> _Your objective_
An exact reproduction of the listing, minus the pictures, is the required output.

> _The data_
—————

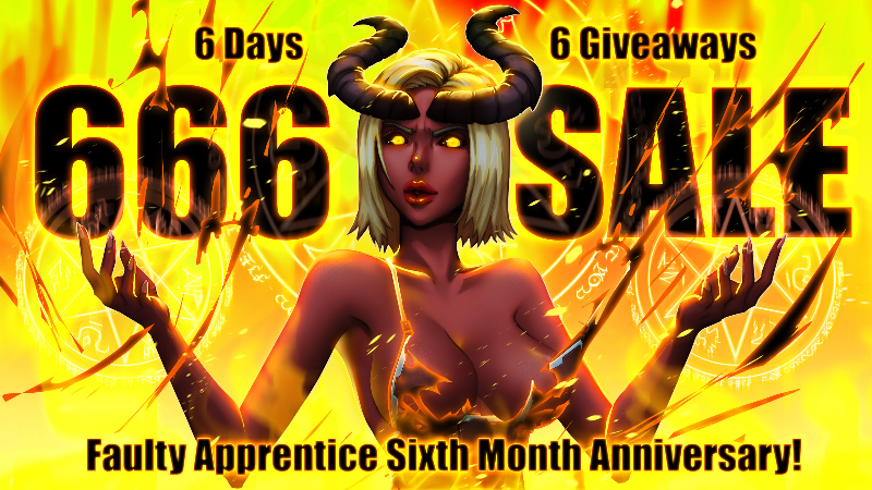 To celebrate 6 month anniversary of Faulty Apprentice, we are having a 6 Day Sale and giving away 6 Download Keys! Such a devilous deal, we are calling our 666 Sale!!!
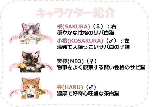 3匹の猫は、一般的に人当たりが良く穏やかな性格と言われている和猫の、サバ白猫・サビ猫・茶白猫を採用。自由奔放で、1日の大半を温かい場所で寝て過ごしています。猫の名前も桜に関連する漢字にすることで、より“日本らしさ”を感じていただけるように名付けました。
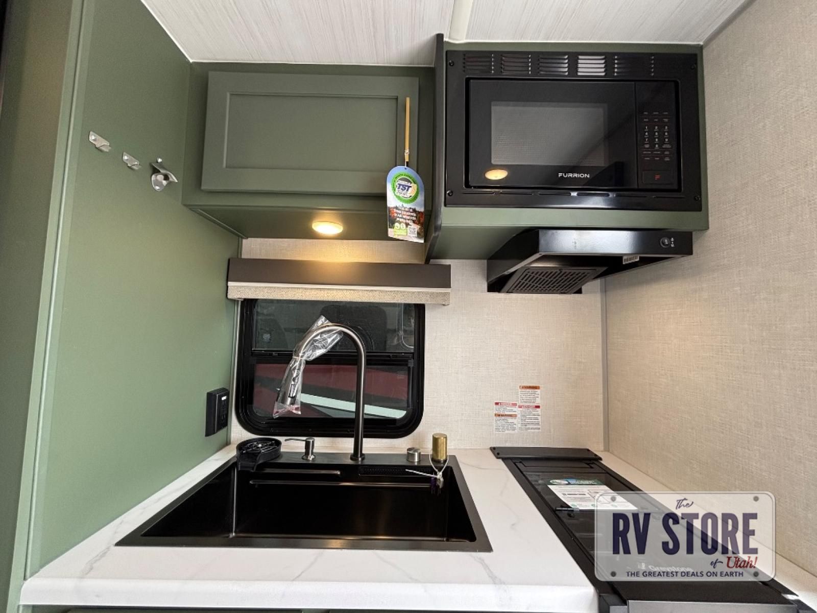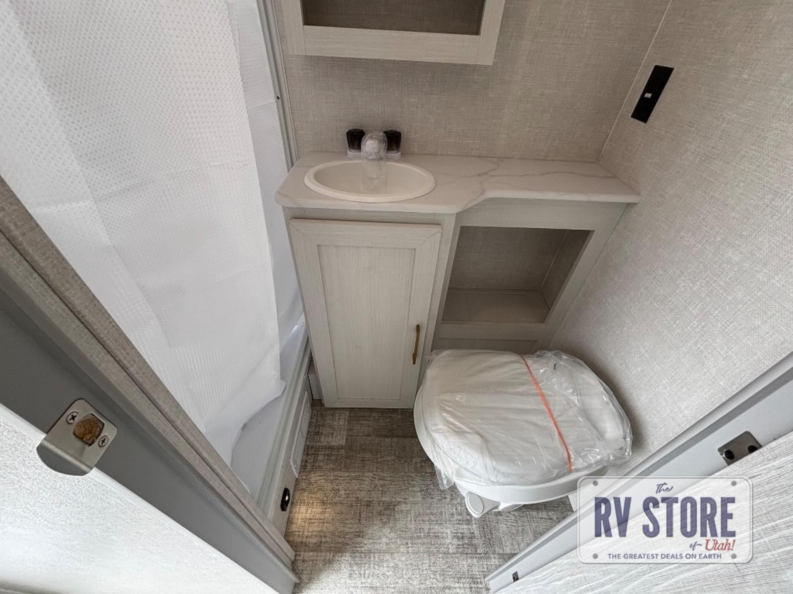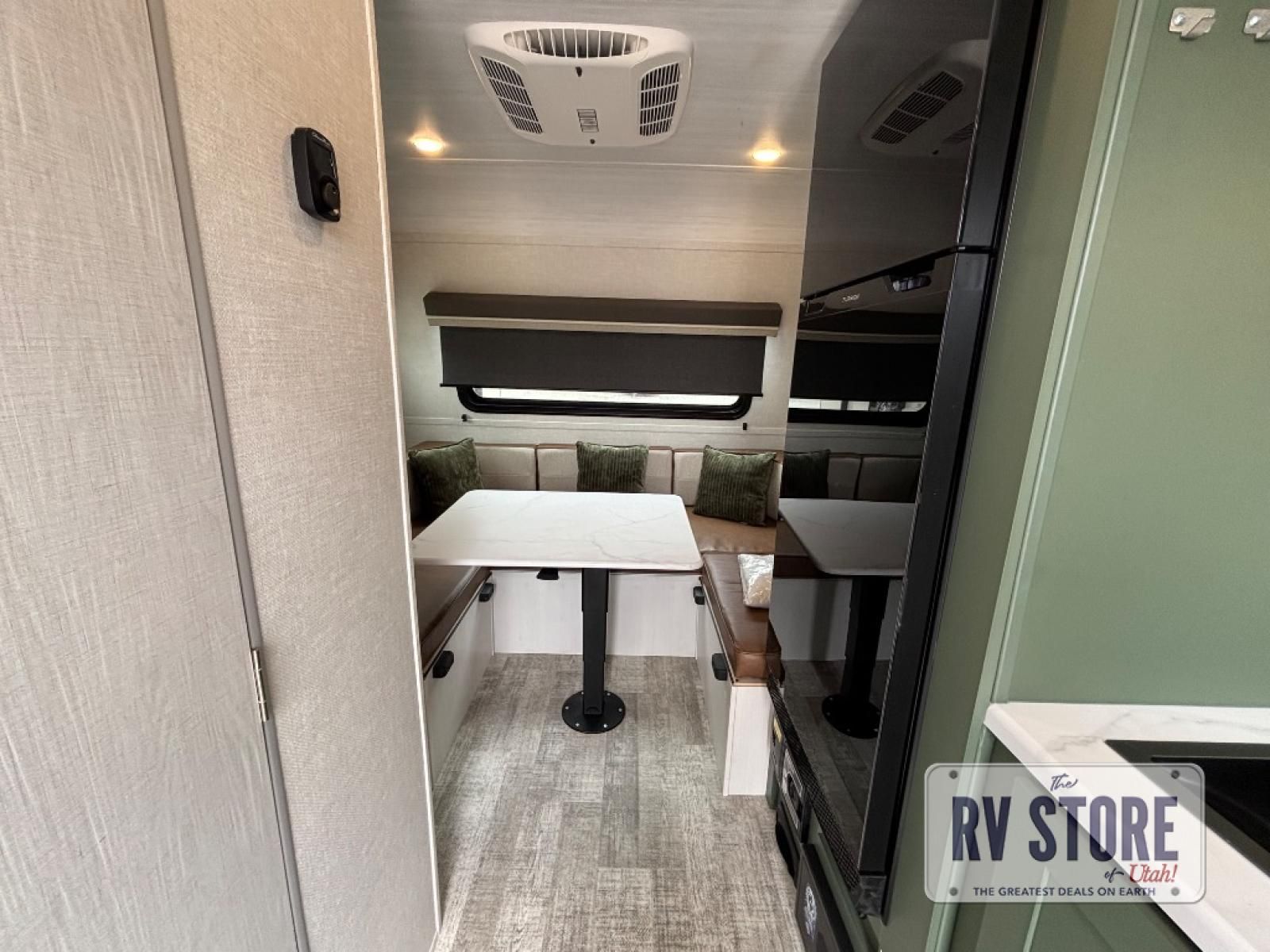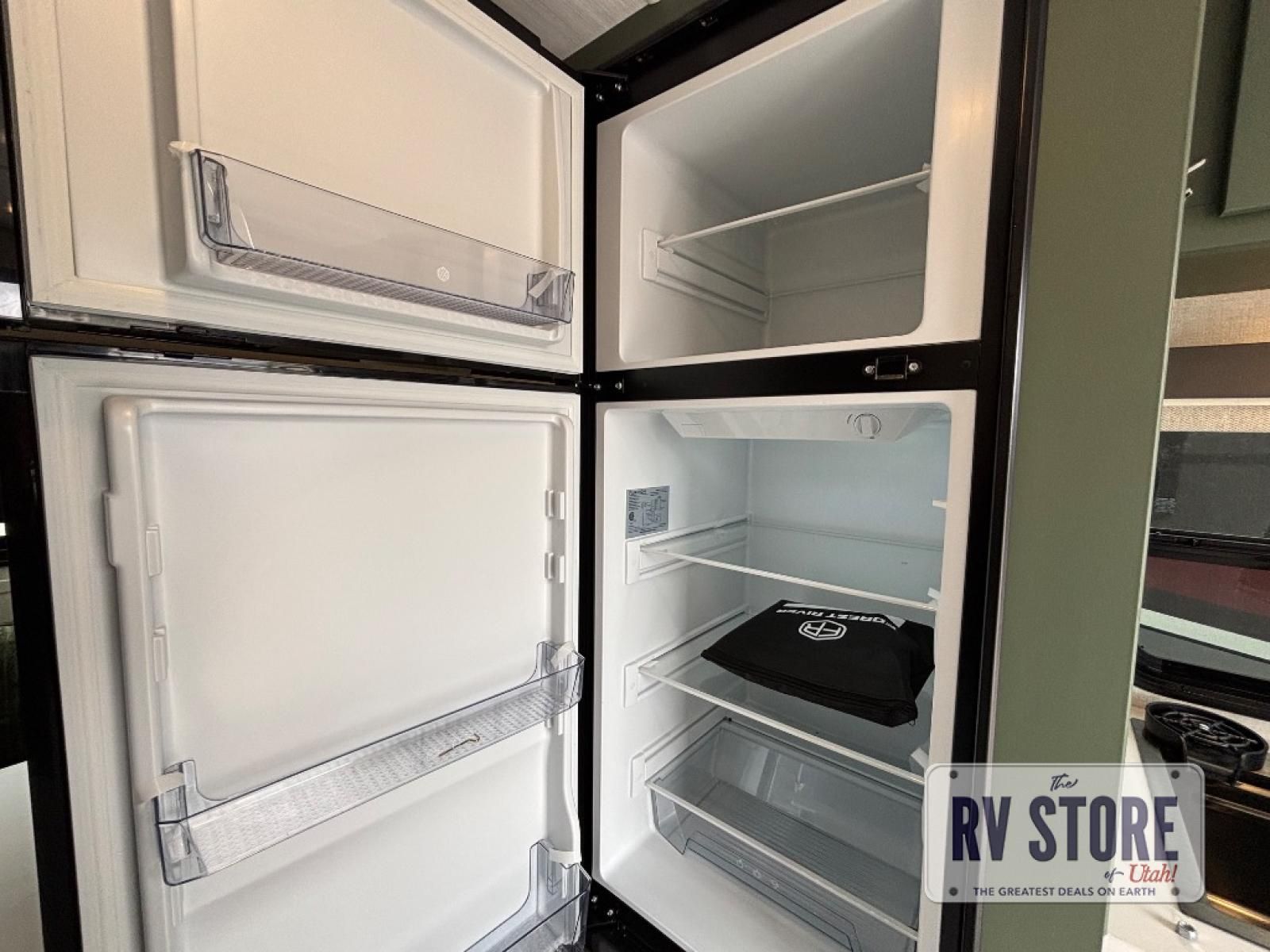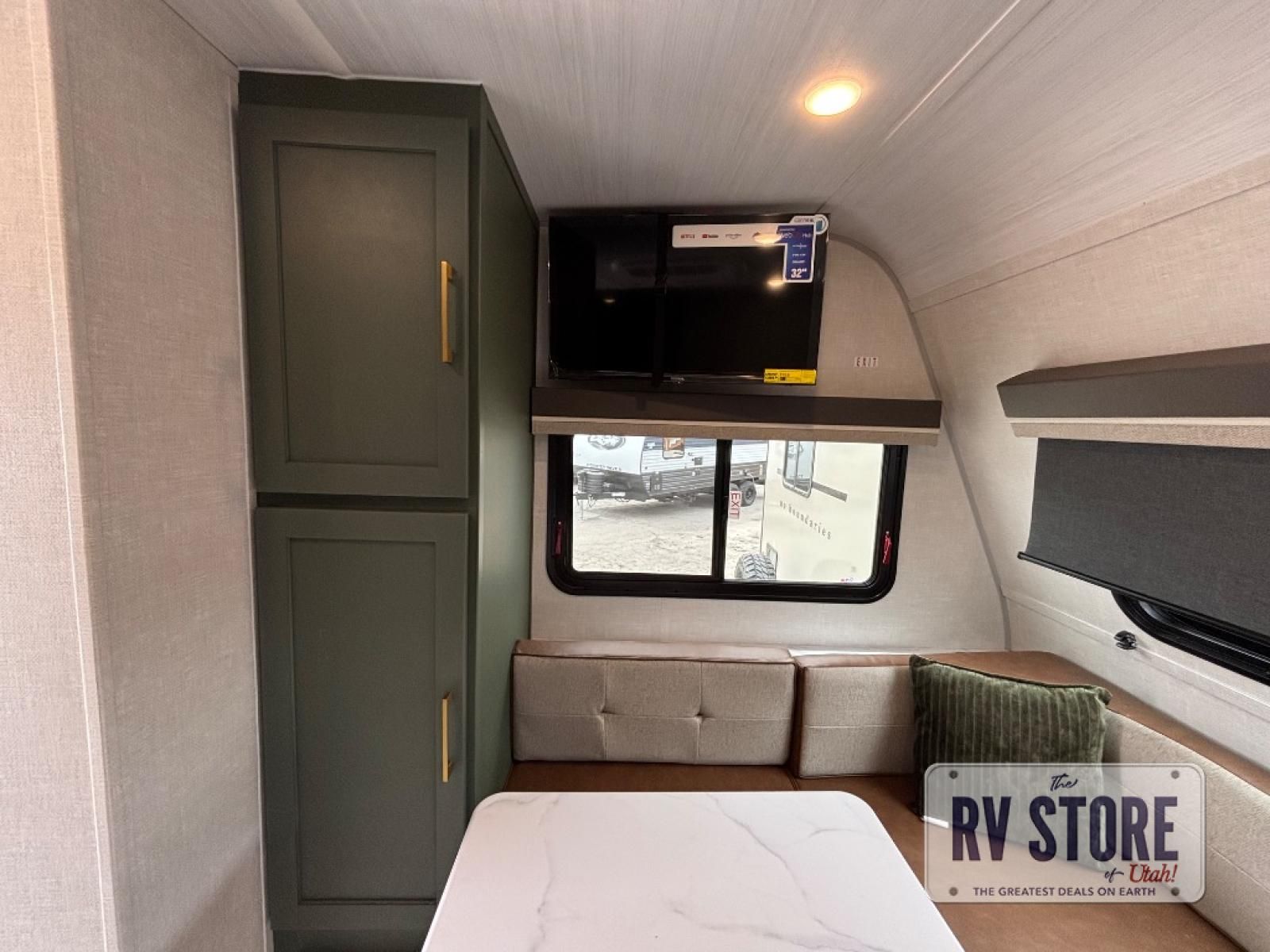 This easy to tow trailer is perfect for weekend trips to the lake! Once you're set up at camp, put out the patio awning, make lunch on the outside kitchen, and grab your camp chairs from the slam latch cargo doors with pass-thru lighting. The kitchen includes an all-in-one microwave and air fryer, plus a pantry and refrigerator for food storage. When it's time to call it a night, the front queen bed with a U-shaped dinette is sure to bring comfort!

—————

> _Problem solution_
 To celebrate 6 month anniversary of Faulty Apprentice, we are having a 6 Day Sale and giving away 6 Download Keys! Such a devilous deal, we are calling our 666 Sale!!!
 3匹の猫は、一般的に人当たりが良く穏やかな性格と言われている和猫の、サバ白猫・サビ猫・茶白猫を採用。自由奔放で、1日の大半を温かい場所で寝て過ごしています。猫の名前も桜に関連する漢字にすることで、より“日本らしさ”を感じていただけるように名付けました。
 This easy to tow trailer is perfect for weekend trips to the lake! Once you're set up at camp, put out the patio awning, make lunch on the outside kitchen, and grab your camp chairs from the slam latch cargo doors with pass-thru lighting. The kitchen includes an all-in-one microwave and air fryer, plus a pantry and refrigerator for food storage. When it's time to call it a night, the front queen bed with a U-shaped dinette is sure to bring comfort!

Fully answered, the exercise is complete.